Arms & Interventions

Arm 1

Aplidin (Plitidepsin)

Intervention: Aplidin (plitidepsin)

Outcomes

Primary Outcomes

The Percentage of Patients With a ≥ 50% Prostate-specific Antigen (PSA) Decline Post-therapy

Time Frame: All patients were followed up to progressive disease, start of a new anti-cancer therapy, death or one year after the last treatment visit of the last patient, whichever occured first

Secondary Outcomes

Objective Tumor Response According to RECIST(All patients were followed up to progressive disease, start of a new anti-cancer therapy, death or one year after the last treatment visit of the last patient, whichever occured first)
Progression Free Survival (PFS)(All patients were followed up to progressive disease, start of a new anti-cancer therapy, death or one year after the last treatment visit of the last patient, whichever occured first)
Overall Survival (OS)(All patients were followed up to progressive disease, start of a new anti-cancer therapy, death or one year after the last treatment visit of the last patient, whichever occured first)
Pain Improvement Rate(2-7 days for the pain stabilization required at baseline to ensure that baseline values are stable and reliable.

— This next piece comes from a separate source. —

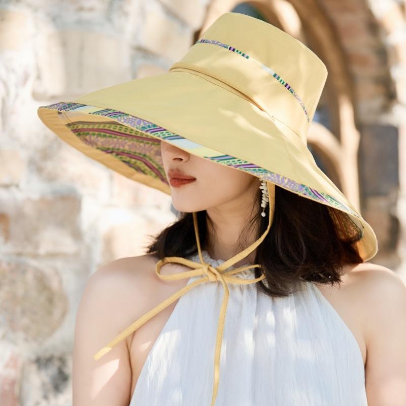 Новая этническая складная двусторонняя шляпа-ведро, шляпа от солнца с очень широкими полями, дорожная, для отпуска, защита от УФ-лучей, шляпа от солнца One size жёлтый

The follow-up period was up to progressive disease, start of a new anti-cancer therapy, death or one year after the last treatment)
PSA Slope Between Baseline PSA Value and Nadir After the Start of Treatment(From baseline until progression or initiation of another anticancer therapy, death or one year after the last treatment visit of the last patient, whichever occurred first.)